On boot execute a script on an unencrypted (boot) volume that performs the following steps
1. The NAS shall scan for encrypted volumes and external devices. It saves the volume IDs of encrypted volumes in a variable ($ids).
2. If it finds an attached USB flash drive, mount it and try to find files whose filenames match found volume IDs of encrypted volumes (Pseudocode: For each $id in $ids {if exists (usbDevice.getFileByName($id))} ).
3. For each matching pair: Automatically start to decrypt and mount the respective volume. When complete, emit a sound to make the user disconnect the USB key.

Else if one or more matching volume decryption keys are missing,decrypt and mount whats possible and fall back to standard behaviour (QTS login and decrypt with user interaction in Storage Manager with file or password).

Same if no USB flash drive is found.

Done.

The one and only thing that could be altered for security reasons would be to not let the qnap start operating fully until the usb is removed. Sure the user itself, letting the stick on the nas after decrypting is an asshole. I'd just consider this for a v2; The sound should be enough of a reminder to remove the key, and the sound is surely easier to implement than everything else.

I would really love to see this tool coming alive!!

Have a nice saturday!

Cheers
Hank

[Hank Moody]

Any progress over here.. ?

[OneCD]

Happy to revisit this as I now have time to take on a new project (i.e. I'm bored. )

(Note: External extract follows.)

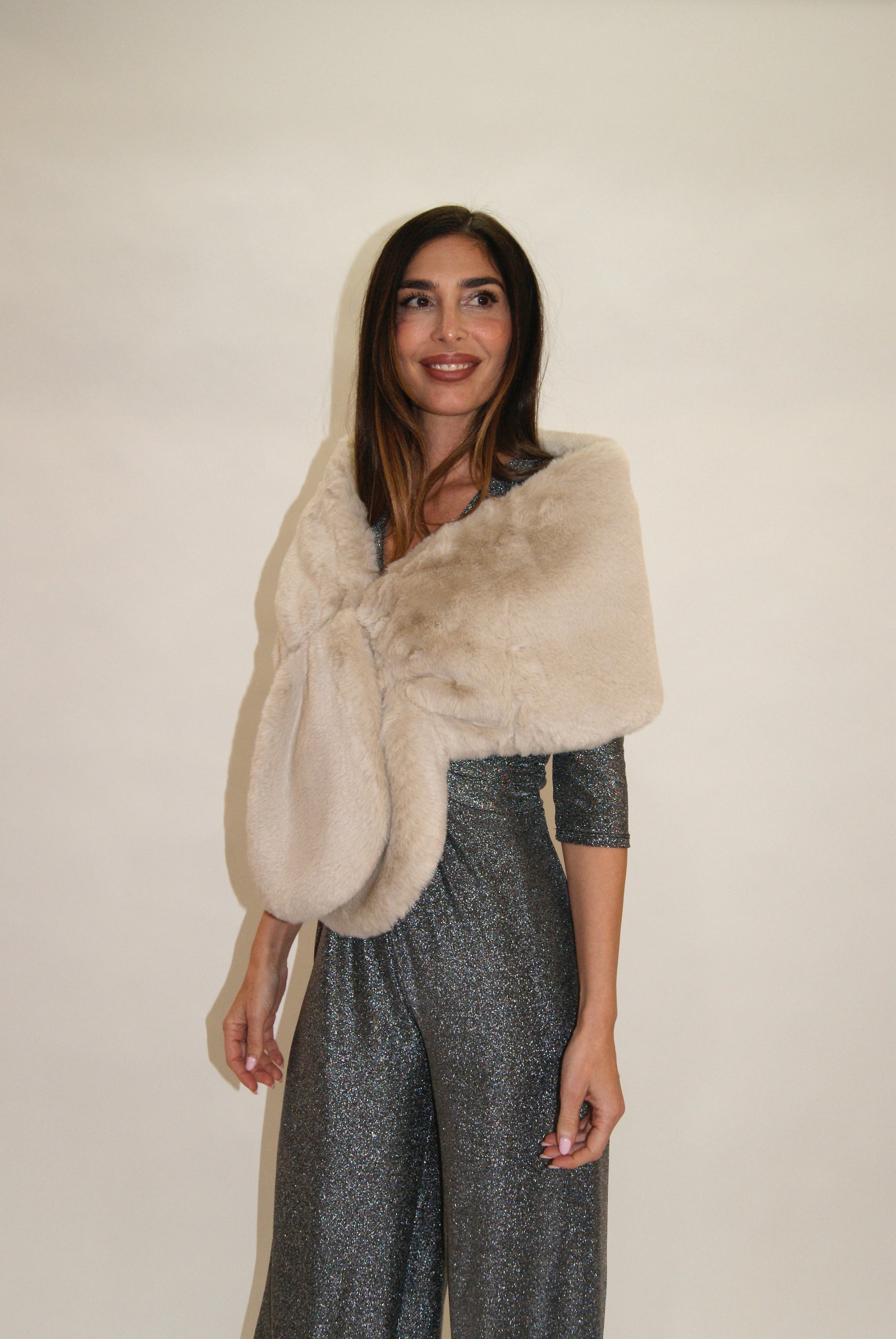 Estola beige de pelo sintética para eventos – El complemento perfecto para Navidad y Nochevieja (Copia)

But before it can happen, hoping that someone (or several someones) can perform feasibility checks on a few items. I can't check for these as I don't use volume encryption.

So, we'll need to:

• ensure that it is possible to unlock a selected volume from the command-line with a saved keyfile. You'll need to show what you did to make this work. QTS must recognise that the volume is unlocked when you're done, so I suspect it won't be as simple as just unlocking with LUKS.
• check that [autorun.sh] still works during NAS startup - even if the volumes have not been unlocked. This is the easiest place I can think of to start checking for a connected USB device. [autorun.sh] is expected to be found on the DOM, but I don't know if QTS will make it to this point in startup (where [autorun.sh] is executed) in the event of a locked volume.
• put these first two tests together and ensure that volume unlocking can be performed in [autorun.sh]. If this works, then the rest is easy.
• find a universal method to make the NAS beep (HAL vs SOC).

[gasongasoff]

Did this feature ever get developed? I could totally use it. I can't use S3 sleep because my QNAP 10GBE add-in card is not compatible. Which means to save power I have to power off completely.

[Stefan5]

Any updates? That would be an awesome feature...

[jaysona]

Well, since we're all just spit balling here, and there is no real QNAP involvement, and we're well into the future of when this thread was first started, I'll say it's now time to forget USB memory stick and go with something like a YubiHSM now.

[Hank Moody]

@jaysona how would one configure an YubiHSM to work with qnap encryption? Would you mind linking some?

[jaysona]

A Google search for YubiHSM and full disk encryption will provide more than enough links for you to read.

If using a YubiHSM is not something you are familiar with, then I would not suggest using this, as it will require a lot of custom work on the QNAP, such a finding a free LUKS key slot among other things.